Mirjalili (2016a) was offered sine cosine algorithm (SCA) which is a novel population based optimization technique simply based on Sine and Cosine function. SCA applied for exploitation and exploration phases in global optimization functions. The sine cosine algorithm (SCA) generates different initial random agent solutions using a mathematical model based on sine and cosine functions and requires them to fluctuate outwards or towards the best possible solution.

Several new modified and hybrid variants of SCA algorithm are developed after motivated of this metaheuristics by the researchers of different areas to improve the convergence performance of SCA algorithm including SCA integrated with differential evolution (Bureerat and Pholdee 2017), Improved SCA based on levy flight (Li N and Deng ZL 2017), Hybrid SCA with multi-orthogonal search strategy (Rizk-Allah 2017), and hybrid back tracking search with sine cosine algorithm (SCA) (Turgut 2017). The researchers are solved numerous real life problems with the help of SCA algorithm including a novel sine cosine algorithm for the feature selection (Hafez et al. 2016), solution of unit commitment problems (Kaur and Prashar 2016), the gear train design problem (Rizk-Allah 2017), Welded beam design (Rizk-Allah 2017), Pressure vessel design problem (Rizk-Allah 2017), Structural Damage Detection (Bureerat and Pholdee 2017), and many other biomedical and mechanical engineering problems.

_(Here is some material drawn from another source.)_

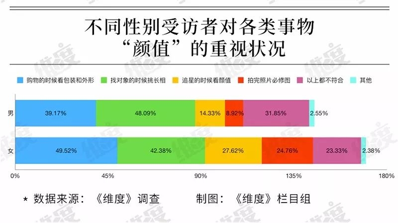 参与此次调查的人群,对颜值的影响力这个问题,尽管看上去都比较客观。但是,有54.39%坦诚自己属于“外貌党”。

In this study, we explore capability of NIA for feature selection problem by introducing a hybrid NIA with the combination of BPSO and SCA named as HBPSOSCA. The proposed model HBPSOSCA integrates the exploration capability of the SCA and exploitation capability of the PSO to select an informative subset of features. Here, the V-shaped transfer function is used to convert continuous swarm intelligence technique to binary search space. Next, the K-means algorithm is used to create clusters of data points. The Silhouette Index (SI), Dunn Index (DI) and Davies–Bouldin Index (DBI) are used for cluster assessment. Seven real-life scientific datasets are taken from the UCI machine learning archive and gene expression model selector (GEMS) to test effectiveness of the proposed method compared to other competitive methods. The comparative analysis is performed in terms of (1) number of selected feature subsets and, (2) clustering accuracy measured in terms of SI, DI, and DBI. The comparative analysis of the HBPSOSCA method is compared with state of the arts algorithm BPSO, modified BPSO with chaotic inertia weight (C-BPSO), binary moth flame optimization algorithm (BMFOA), binary dragonfly algorithm (BDA), binary whale optimization algorithm (BWOA), sine cosine algorithm (SCA), and binary artificial bee colony algorithm (Binary-ABC).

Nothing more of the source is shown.